6. "Reds, communists, and fruit strikers": Filipinos and the Great Depression
Epilogue
Notes
Bibliography
Index
Nearly a century before it became known as Silicon Valley, the Santa Clara Valley was world-renowned for something else: the succulent fruits and vegetables grown in its fertile soil. In Garden of the World, Cecilia Tsu tells the overlooked, intertwined histories of the Santa Clara Valley's agricultural past and the Asian immigrants who cultivated the land during the region's peak decades of horticultural production. Weaving together the story of three overlapping waves of Asian migration from China, Japan, and the Philippines in the nineteenth and twentieth centuries, Tsu offers a comparative history that sheds light on the ways in which Asian farmers and laborers fundamentally altered the agricultural economy and landscape of the Santa Clara Valley, as well as white residents' ideas about race, gender, and what it meant to be an American family farmer.
At the heart of American racial and national identity in the nineteenth and twentieth centuries was the family farm ideal: the celebration of white European-American families operating independent, self-sufficient farms that would contribute to the stability of the nation. In California by the 1880s, boosters promoted orchard fruit growing as one of the most idyllic incarnations of the family farm ideal and the lush Santa Clara Valley the finest location to live out this agrarian dream. But in practice, many white growers relied extensively on hired help, which in the late nineteenth and early twentieth centuries was largely Asian.
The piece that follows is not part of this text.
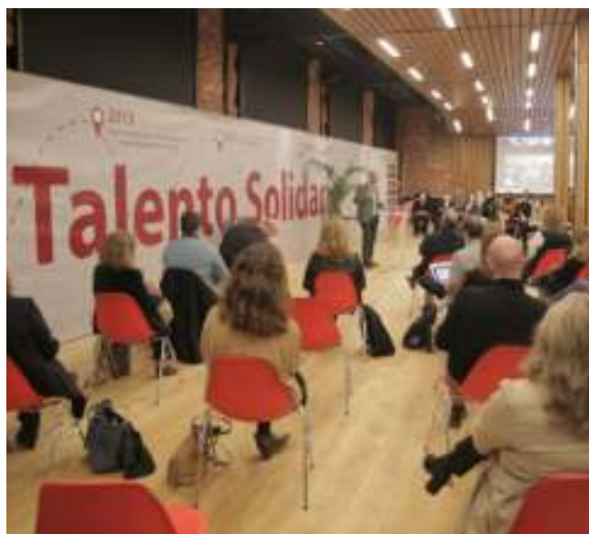
Acto de lanzamiento de la convocatoria de Talento Solidario

Detailing how white farmers made racial and gendered claims to defend their dependence on nonwhite labor, how those claims shifted with the settlement of each Asian immigrant group, and how Chinese, Japanese, and Filipinos sought to create their own version of the American dream in farming, Tsu excavates the social and economic history of agriculture in this famed rural community to reveal the intricate nature of race relations there.